- **Prompt**
Make a verbatim copy of the records; pictures stay out.

Information Block Start

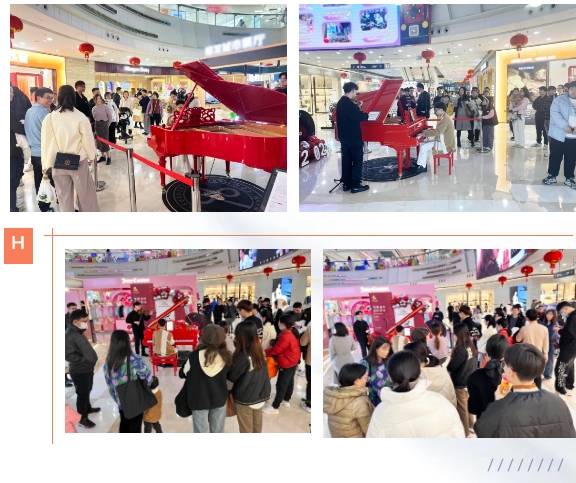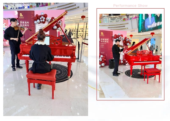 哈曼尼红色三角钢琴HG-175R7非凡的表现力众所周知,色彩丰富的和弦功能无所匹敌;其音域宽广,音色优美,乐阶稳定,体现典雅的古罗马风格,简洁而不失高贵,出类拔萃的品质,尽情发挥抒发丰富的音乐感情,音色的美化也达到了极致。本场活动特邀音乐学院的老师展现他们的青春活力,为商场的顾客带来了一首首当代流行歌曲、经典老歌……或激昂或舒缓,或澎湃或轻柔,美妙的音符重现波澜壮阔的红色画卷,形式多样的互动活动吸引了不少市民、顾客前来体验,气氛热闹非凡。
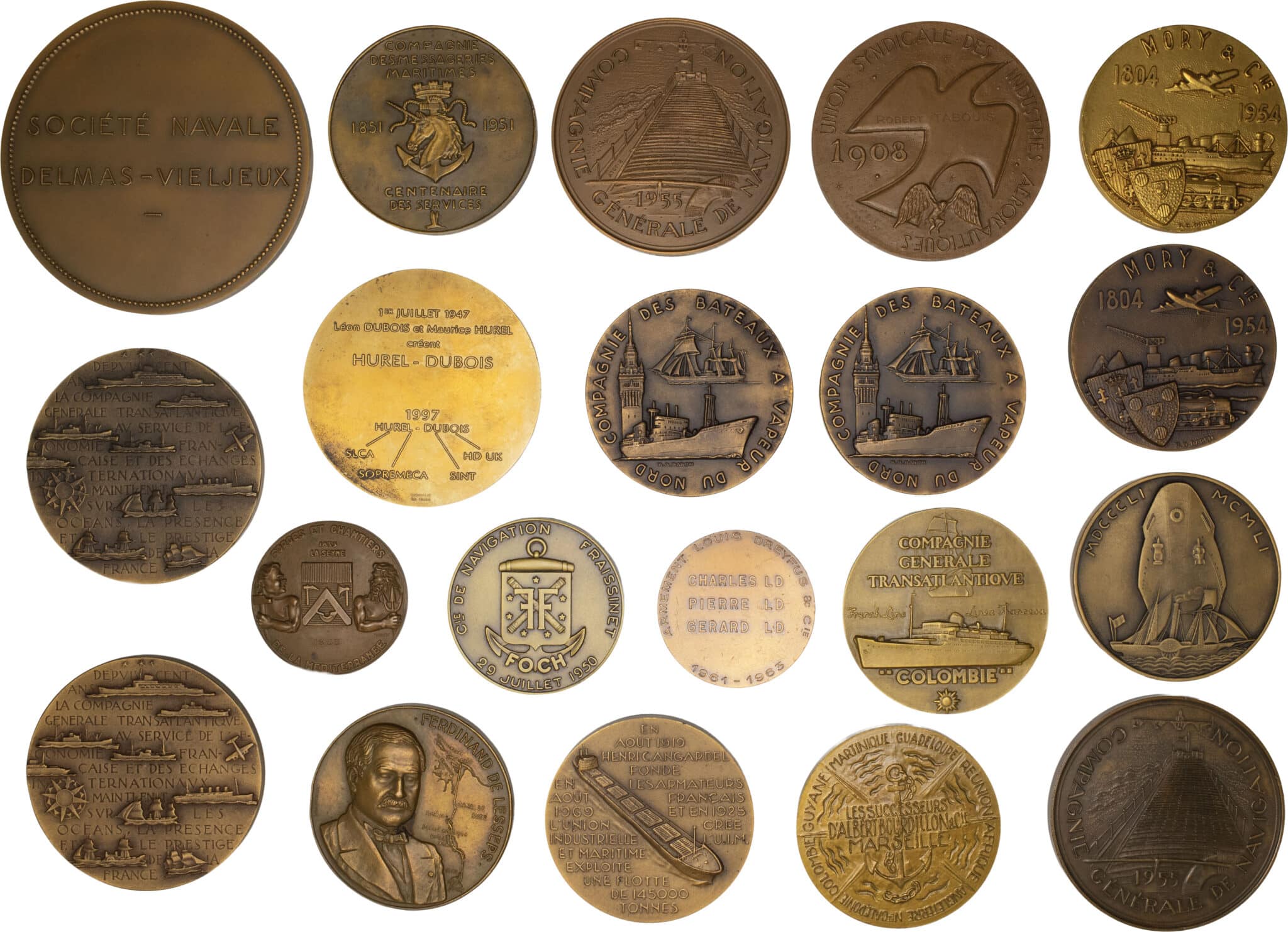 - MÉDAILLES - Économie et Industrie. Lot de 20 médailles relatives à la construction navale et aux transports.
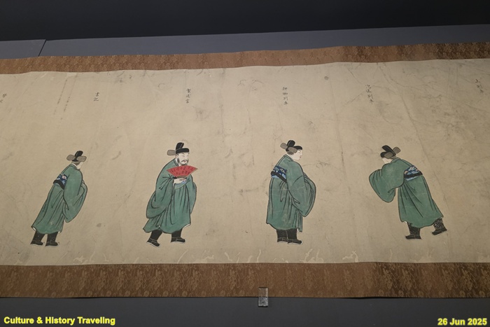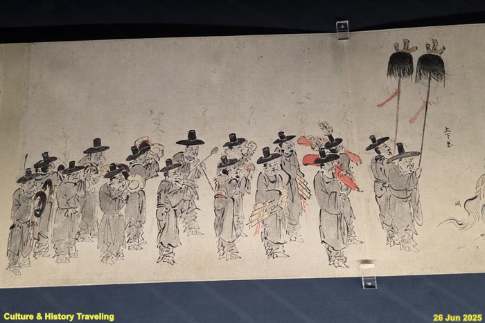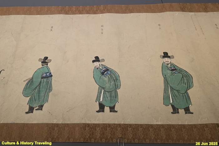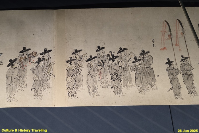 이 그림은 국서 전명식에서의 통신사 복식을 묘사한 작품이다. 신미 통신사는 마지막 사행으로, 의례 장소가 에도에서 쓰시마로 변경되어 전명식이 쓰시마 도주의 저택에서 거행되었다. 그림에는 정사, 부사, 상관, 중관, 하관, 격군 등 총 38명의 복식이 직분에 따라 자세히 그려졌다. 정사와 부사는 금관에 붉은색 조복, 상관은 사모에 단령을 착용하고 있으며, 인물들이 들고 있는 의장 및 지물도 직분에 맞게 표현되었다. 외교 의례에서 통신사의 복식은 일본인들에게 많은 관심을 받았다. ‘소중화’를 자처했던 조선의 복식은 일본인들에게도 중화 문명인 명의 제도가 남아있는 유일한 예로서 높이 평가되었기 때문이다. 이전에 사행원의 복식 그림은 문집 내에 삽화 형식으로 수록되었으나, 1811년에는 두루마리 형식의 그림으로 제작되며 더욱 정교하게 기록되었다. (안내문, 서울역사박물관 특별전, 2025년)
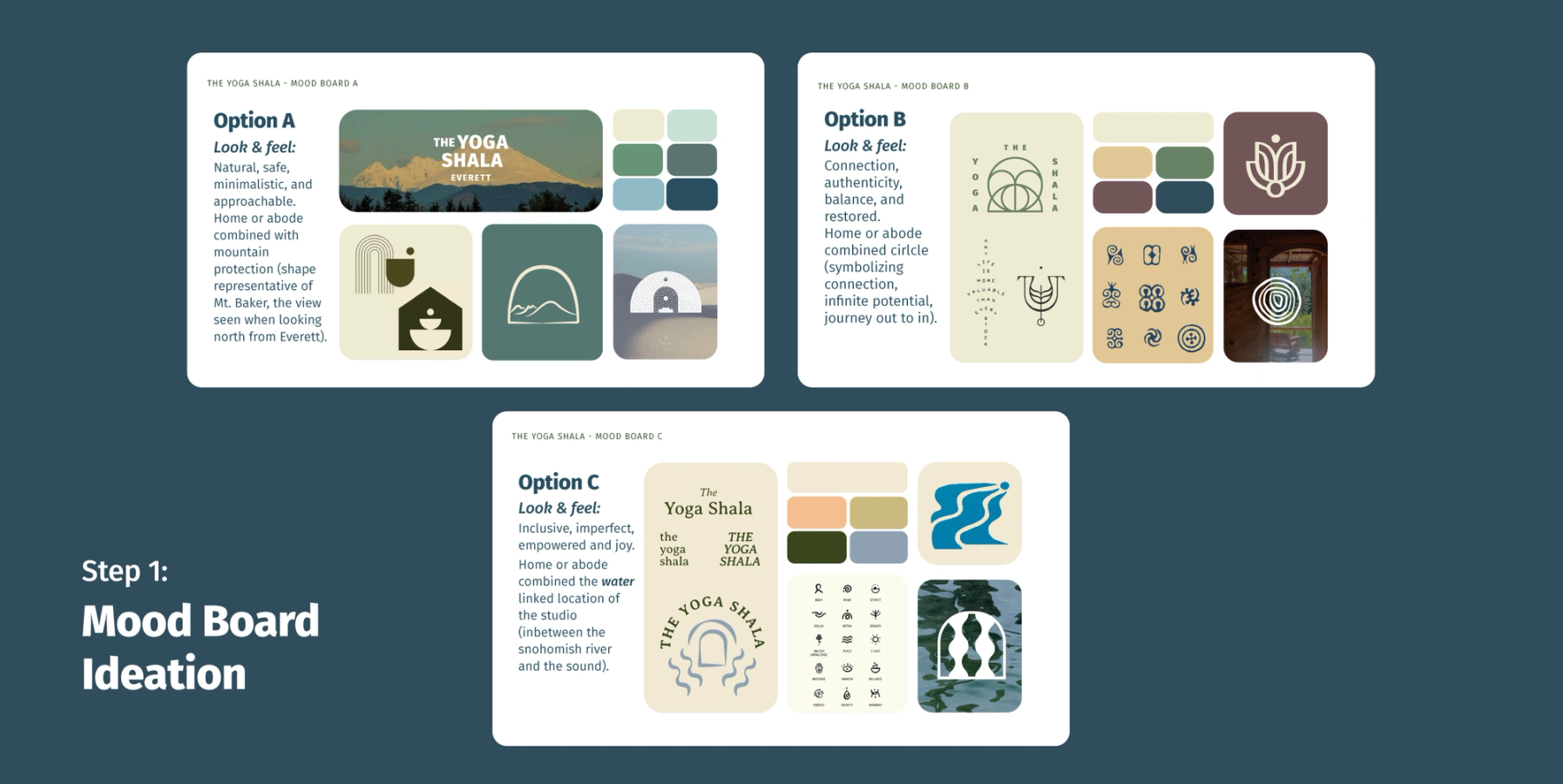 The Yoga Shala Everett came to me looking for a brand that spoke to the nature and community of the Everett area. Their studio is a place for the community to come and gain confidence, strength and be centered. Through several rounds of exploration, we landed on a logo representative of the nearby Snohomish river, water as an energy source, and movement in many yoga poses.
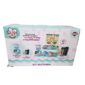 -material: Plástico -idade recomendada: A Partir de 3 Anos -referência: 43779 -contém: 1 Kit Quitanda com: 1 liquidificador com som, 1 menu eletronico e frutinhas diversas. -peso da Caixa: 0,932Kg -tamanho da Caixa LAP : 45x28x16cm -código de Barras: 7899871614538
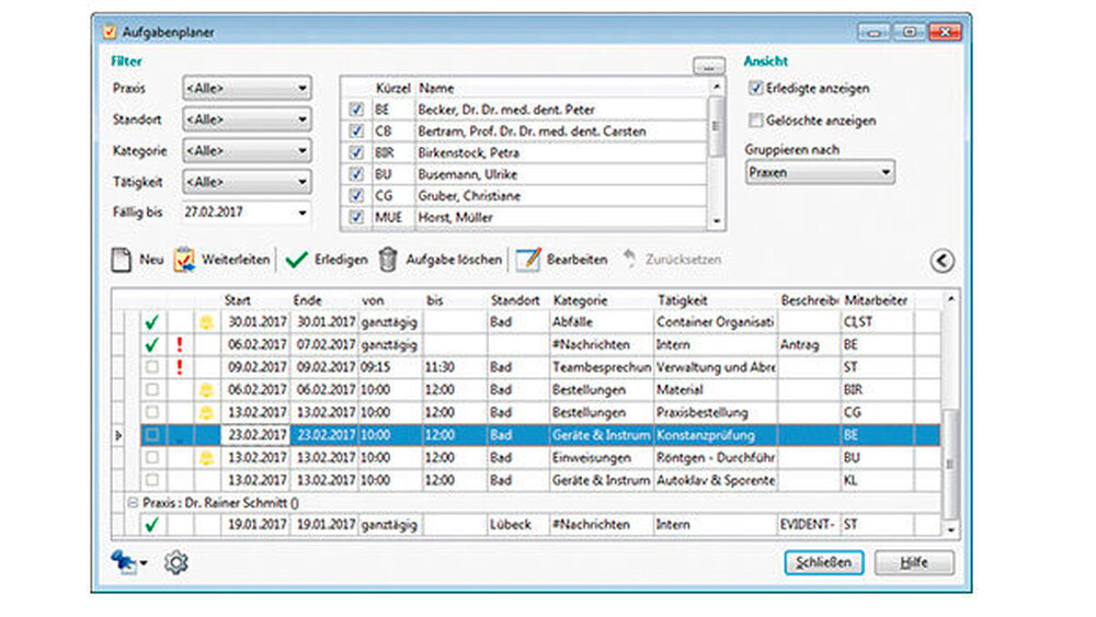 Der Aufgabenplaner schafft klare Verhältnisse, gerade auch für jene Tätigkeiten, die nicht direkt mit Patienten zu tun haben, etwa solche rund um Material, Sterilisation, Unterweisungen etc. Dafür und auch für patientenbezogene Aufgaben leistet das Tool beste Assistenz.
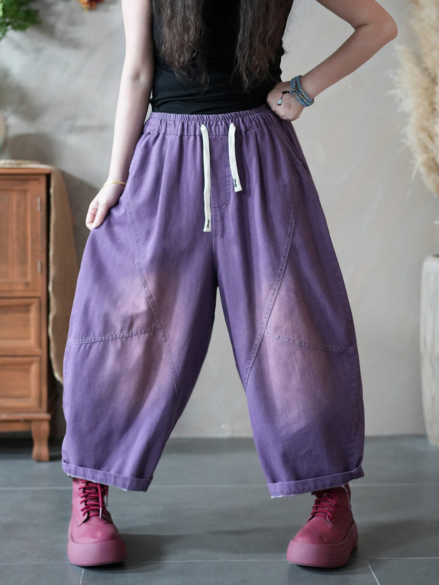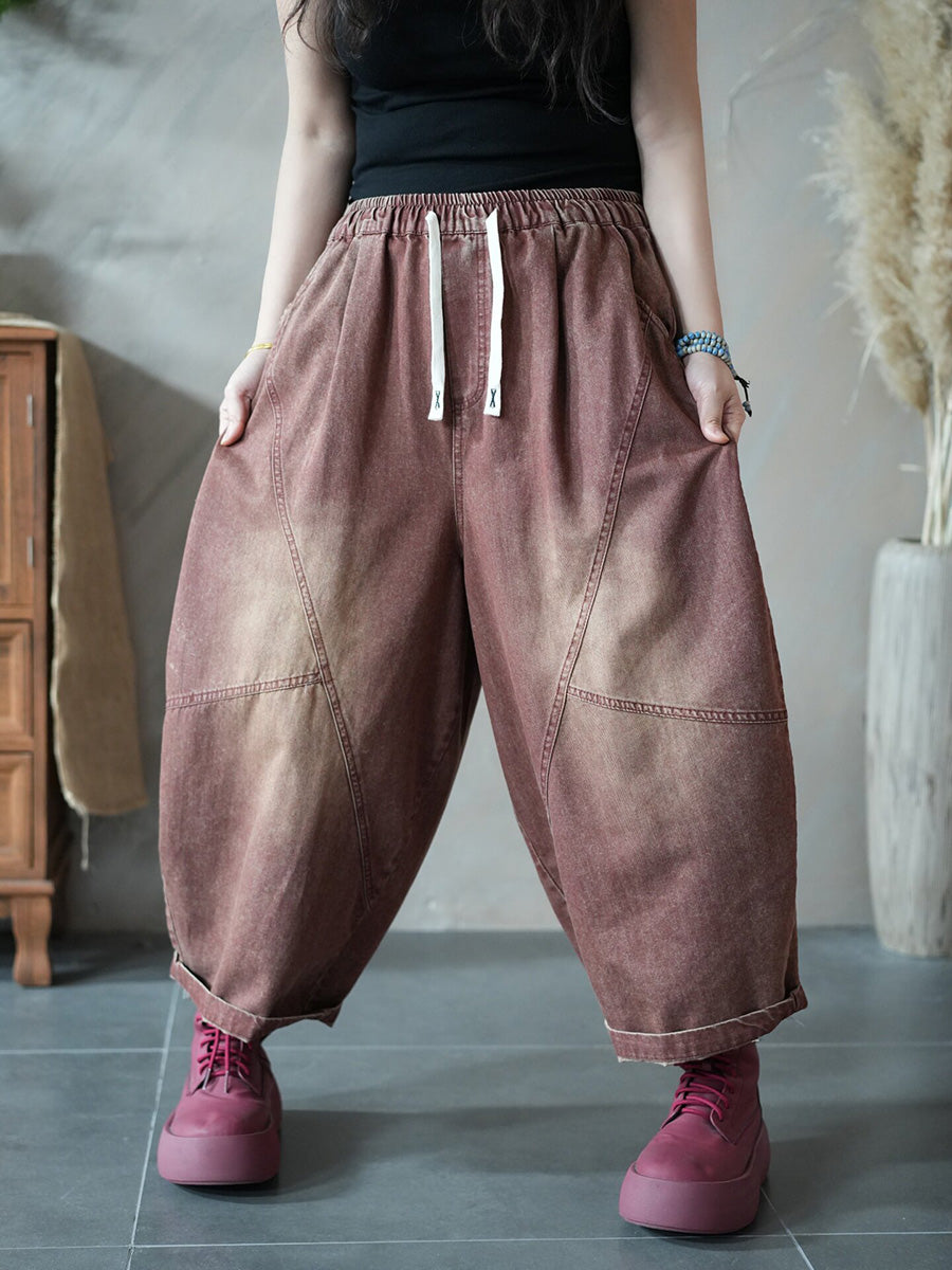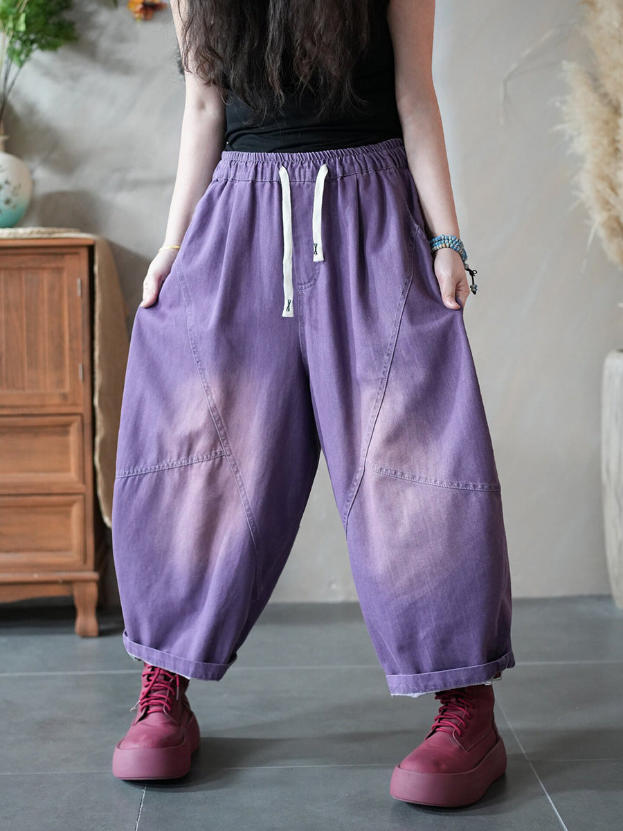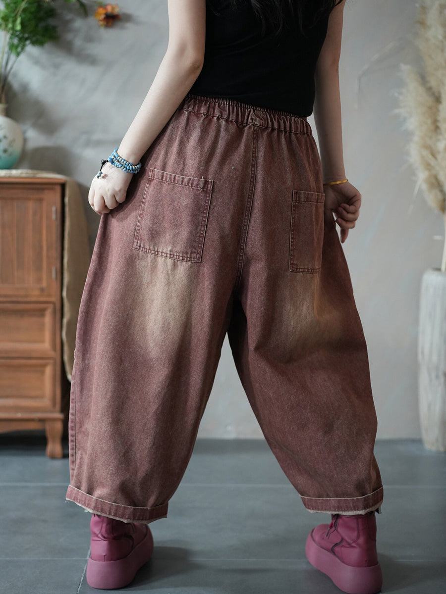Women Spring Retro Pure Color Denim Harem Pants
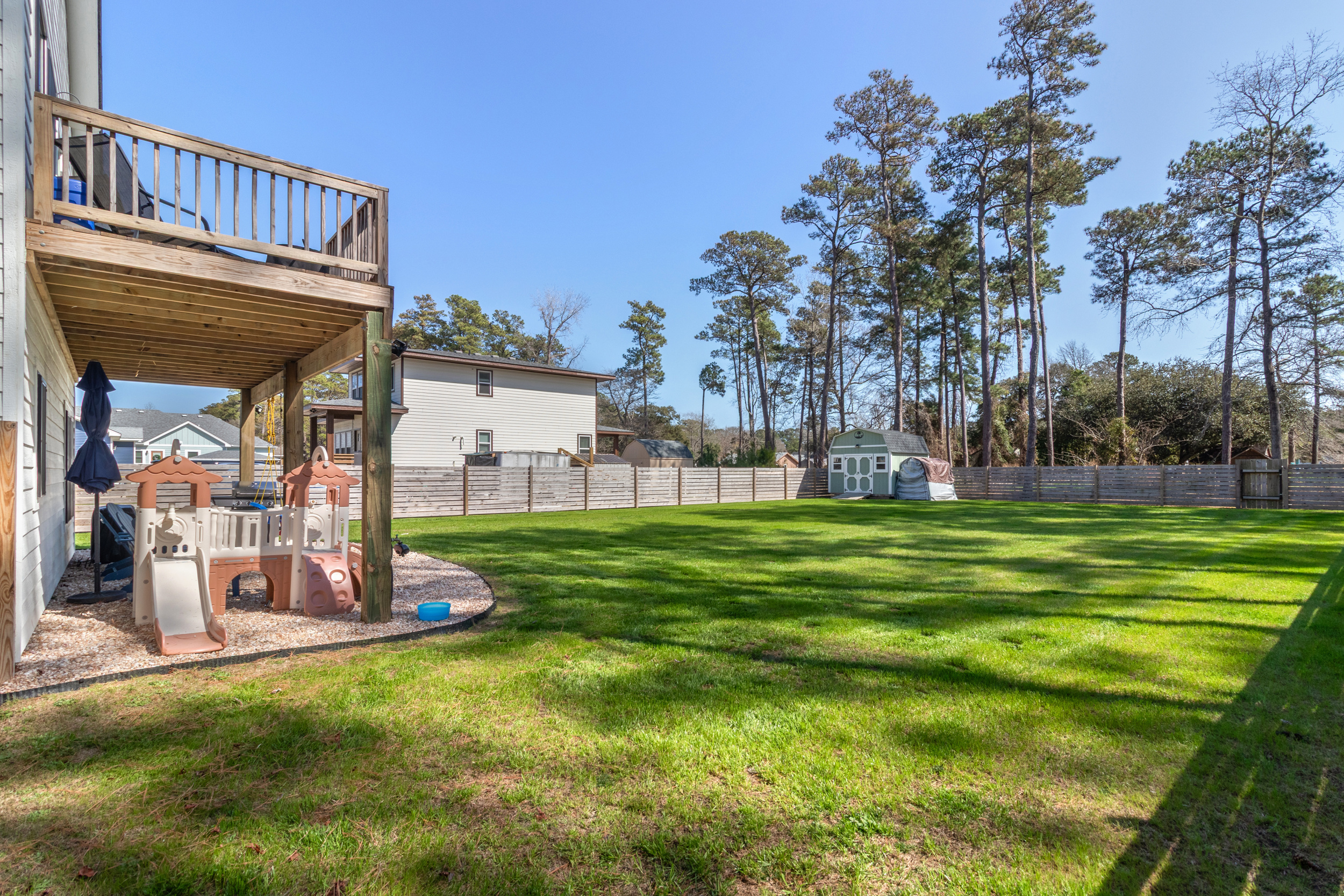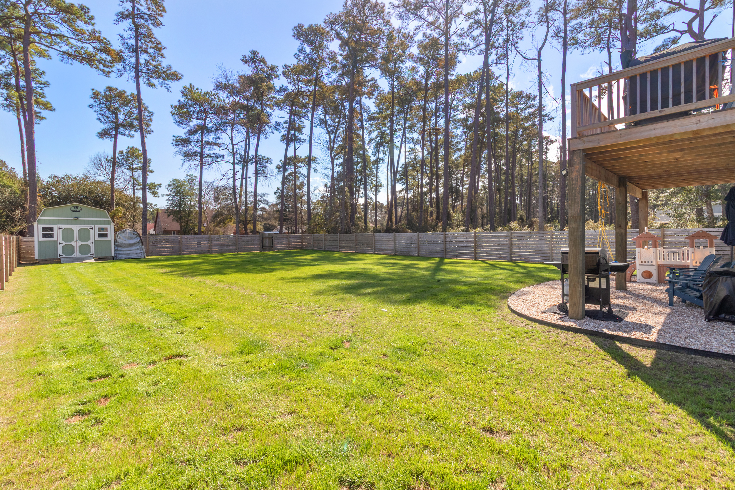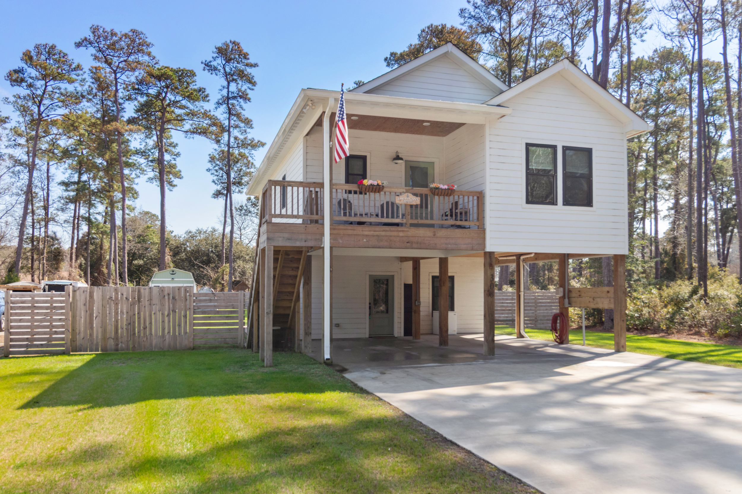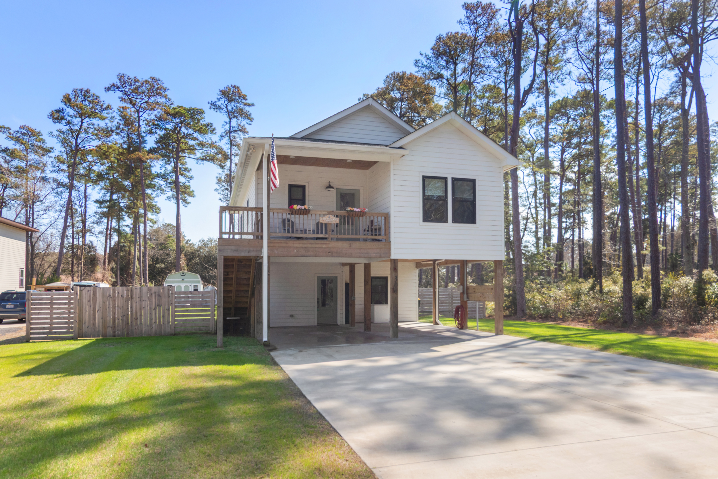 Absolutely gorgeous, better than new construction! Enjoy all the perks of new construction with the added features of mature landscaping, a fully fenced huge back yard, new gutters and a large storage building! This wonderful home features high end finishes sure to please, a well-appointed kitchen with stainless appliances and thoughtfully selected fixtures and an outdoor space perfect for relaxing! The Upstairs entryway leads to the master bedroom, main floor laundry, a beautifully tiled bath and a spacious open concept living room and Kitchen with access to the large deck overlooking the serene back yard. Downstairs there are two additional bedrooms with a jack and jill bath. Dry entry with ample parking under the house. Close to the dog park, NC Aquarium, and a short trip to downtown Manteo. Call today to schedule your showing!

Information Block End

- **Response area**
 哈曼尼红色三角钢琴HG-175R7非凡的表现力众所周知,色彩丰富的和弦功能无所匹敌;其音域宽广,音色优美,乐阶稳定,体现典雅的古罗马风格,简洁而不失高贵,出类拔萃的品质,尽情发挥抒发丰富的音乐感情,音色的美化也达到了极致。本场活动特邀音乐学院的老师展现他们的青春活力,为商场的顾客带来了一首首当代流行歌曲、经典老歌……或激昂或舒缓,或澎湃或轻柔,美妙的音符重现波澜壮阔的红色画卷,形式多样的互动活动吸引了不少市民、顾客前来体验,气氛热闹非凡。
 - MÉDAILLES - Économie et Industrie. Lot de 20 médailles relatives à la construction navale et aux transports.
 이 그림은 국서 전명식에서의 통신사 복식을 묘사한 작품이다. 신미 통신사는 마지막 사행으로, 의례 장소가 에도에서 쓰시마로 변경되어 전명식이 쓰시마 도주의 저택에서 거행되었다. 그림에는 정사, 부사, 상관, 중관, 하관, 격군 등 총 38명의 복식이 직분에 따라 자세히 그려졌다. 정사와 부사는 금관에 붉은색 조복, 상관은 사모에 단령을 착용하고 있으며, 인물들이 들고 있는 의장 및 지물도 직분에 맞게 표현되었다. 외교 의례에서 통신사의 복식은 일본인들에게 많은 관심을 받았다. ‘소중화’를 자처했던 조선의 복식은 일본인들에게도 중화 문명인 명의 제도가 남아있는 유일한 예로서 높이 평가되었기 때문이다. 이전에 사행원의 복식 그림은 문집 내에 삽화 형식으로 수록되었으나, 1811년에는 두루마리 형식의 그림으로 제작되며 더욱 정교하게 기록되었다. (안내문, 서울역사박물관 특별전, 2025년)
 The Yoga Shala Everett came to me looking for a brand that spoke to the nature and community of the Everett area. Their studio is a place for the community to come and gain confidence, strength and be centered. Through several rounds of exploration, we landed on a logo representative of the nearby Snohomish river, water as an energy source, and movement in many yoga poses.
 -material: Plástico -idade recomendada: A Partir de 3 Anos -referência: 43779 -contém: 1 Kit Quitanda com: 1 liquidificador com som, 1 menu eletronico e frutinhas diversas. -peso da Caixa: 0,932Kg -tamanho da Caixa LAP : 45x28x16cm -código de Barras: 7899871614538
 Der Aufgabenplaner schafft klare Verhältnisse, gerade auch für jene Tätigkeiten, die nicht direkt mit Patienten zu tun haben, etwa solche rund um Material, Sterilisation, Unterweisungen etc. Dafür und auch für patientenbezogene Aufgaben leistet das Tool beste Assistenz.
Women Spring Retro Pure Color Denim Harem Pants
 Absolutely gorgeous, better than new construction! Enjoy all the perks of new construction with the added features of mature landscaping, a fully fenced huge back yard, new gutters and a large storage building! This wonderful home features high end finishes sure to please, a well-appointed kitchen with stainless appliances and thoughtfully selected fixtures and an outdoor space perfect for relaxing! The Upstairs entryway leads to the master bedroom, main floor laundry, a beautifully tiled bath and a spacious open concept living room and Kitchen with access to the large deck overlooking the serene back yard. Downstairs there are two additional bedrooms with a jack and jill bath. Dry entry with ample parking under the house. Close to the dog park, NC Aquarium, and a short trip to downtown Manteo. Call today to schedule your showing!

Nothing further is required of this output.